Domestic consumption is badly wounded by twin bear markets in housing and stocks. And it won’t witness a resurgence in spending vis-à-vis higher taxation – that’s for sure.
The United States is heading down the wrong path.
ETF Boom!
Like gold, silver’s fate now lies in the hands of the individual investor and institutions.
The advent of gold and silver exchange-traded-funds (ETFs) over the last decade has resulted in a massive consumption boom as these funds lunge after physical supplies.
Silver industrial demand has historically closely tied to the global economic cycle. But industrial demand has now taken a back seat to ETFs. Provided ETFs continue to command a larger percentage of total available supplies in the silver market, spot prices will continue to rise.
I also suspect most money managers, including pension funds, have yet to allocate meaningful positions to silver. And as prices bust through the next resistance level of $21 an ounce, this will change – and rather quickly.
Silver Approaching Net Deficit
According to financial markets analyst Robert Palmer, silver production is not expected to grow in 2010.
CPM, a consultancy firm, states that 12 billion ounces of silver existed in 1900.
In 2008 only 680.9 million ounces existed.
That’s a 94% drop in the above-ground supply!
And in 2010, it’s about 300 million ounces.
Once the world’s refined silver has been consumed by industry, it’s gone. And it’s gone forever.
More than 95% of all the silver ever mined has already been consumed by industrial use.
Fed Caught in a Corner
The Federal Reserve has short-term rates at 0% and U.S. inflation data through June sits at +1.1%.
That leaves us with a negative inflation-adjusted interest rate. So the opportunity cost of holding silver is about the same as it is to holding crummy dollars – nothing.
Silver pays me nothing, but the same is true of the dollar. Historically, every time inflation-adjusted rates have traded at 2% or less, gold and silver prices have enjoyed strong gains.
If interest rates stay low the Bernanke Fed won’t be in a rush to hike monetary policy. And the evidence suggests rates will stay low due to a softening economy again this summer coupled with ongoing European credit fears. Also a plus: High unemployment won’t force the Fed’s hand; the Fed has never raised interest rates amid rising unemployment.
Silver’s high in this rally was $20.78 an ounce in March 2008. We should hit that level and violate resistance before the year is over. Possibly during the first quarter in 2011.
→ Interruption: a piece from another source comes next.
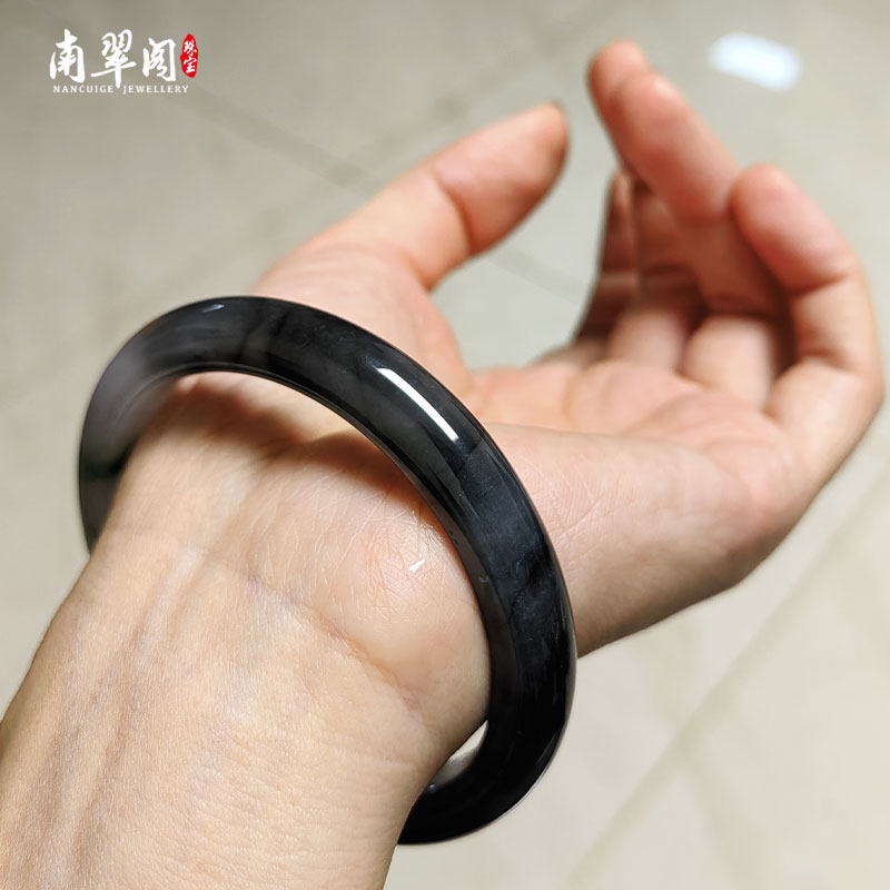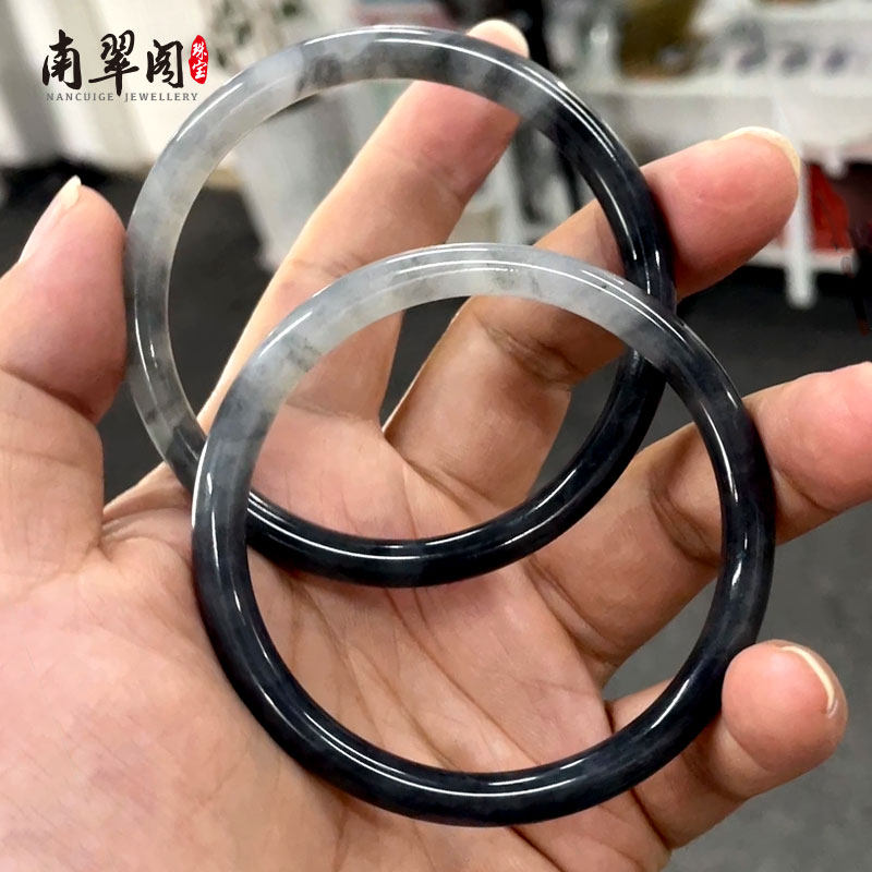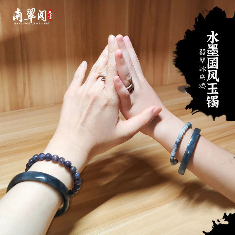 南翠阁半山半水翡翠冰乌鸡手镯黑白水墨天然玉镯叮当一对直播定制

Silver’s inflation-adjusted price since 1980 is $128 an ounce. And it’s quite possible we’ll reach half that threshold before this bull is laid to rest.
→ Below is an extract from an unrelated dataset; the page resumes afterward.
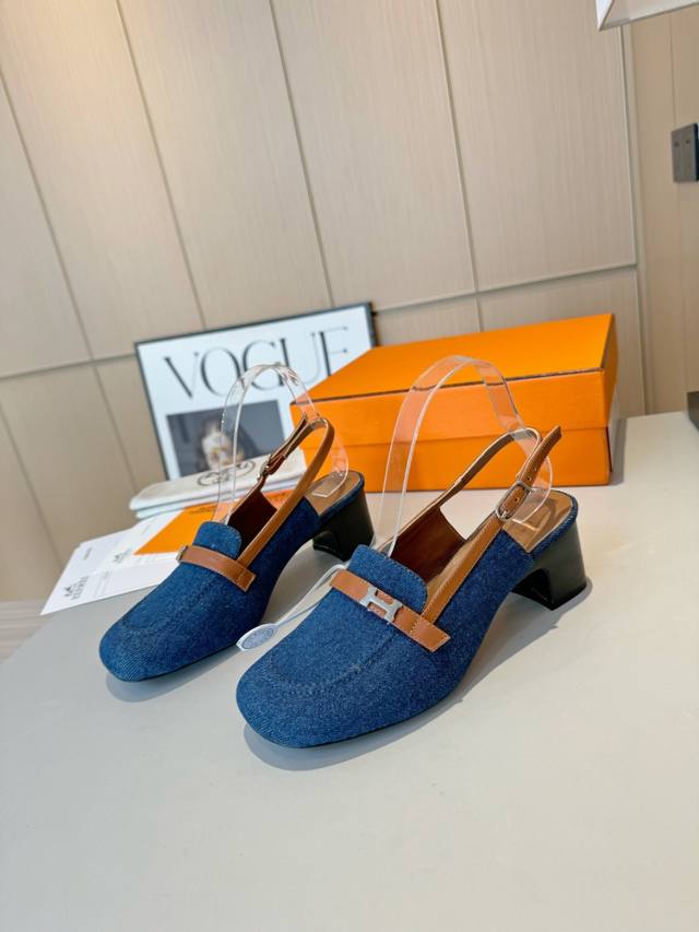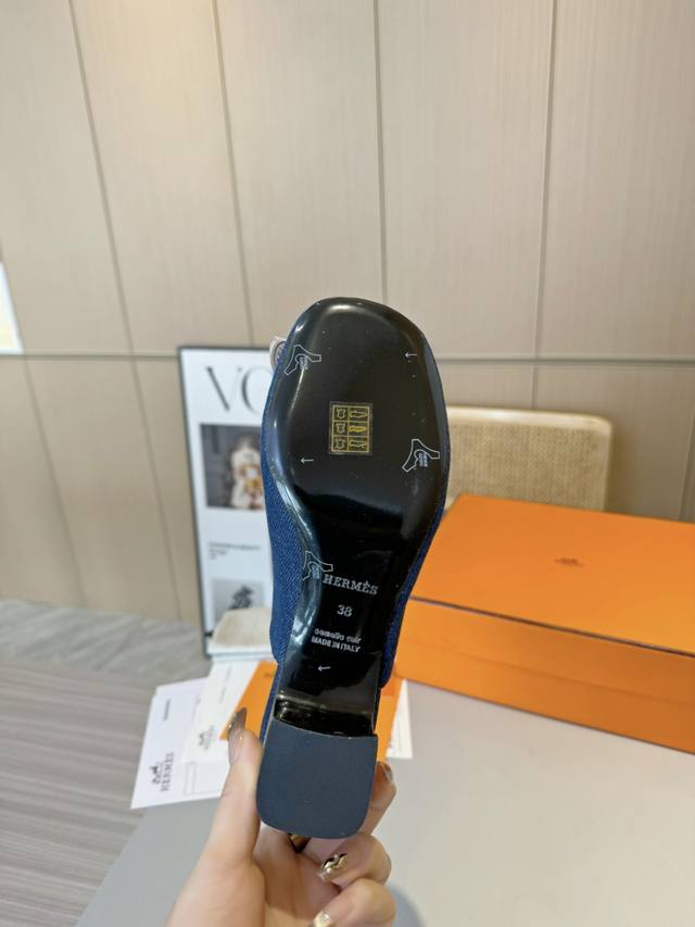 / Hermes 爱马仕 24春季H家最新上市包头穆勒拖鞋凉鞋,潮爆了 上脚非常大气显瘦 精致好穿 鞋面:进口羊皮/原版布 内里:羊皮 跟高:5㎝ 大底:意大利真皮

I would use every correction as an opportunity to accumulate silver.
Investors should concentrate their silver investments in physical bullion, mostly in coins. This includes the Canadian Maple Leaf and U.S. Silver Eagles. I’d also complement this asset class allocation with a few large-cap silver mining companies like Silver-Wheaton (NYSE-SLW) and Fresnillo (London SE-FRES.L).
The major economies of the world are in a protracted cycle of long-term debt de-leveraging. Interest rates will have to remain low at the short end longer than most investors think.
The one major risk to interest rates is an attack on U.S. Treasury bonds by foreign creditors down the road. This would force long-term interest rates much higher, possibly triggering a deep recession or a depression.
Ahead of that scenario, the Fed will be extremely busy printing dollars en masse to defeat the destructive forces of deflation. That’s bullish for gold and its sister metal, silver.
My Commodity Trend Alert subscribers receive detailed information from me each week, on how and when to buy silver, gold and other “hard assets” … and when to cash out and enjoy the best returns for getting in at the right time. (Check out this special CTA offer for A-Letter readers – click here now.)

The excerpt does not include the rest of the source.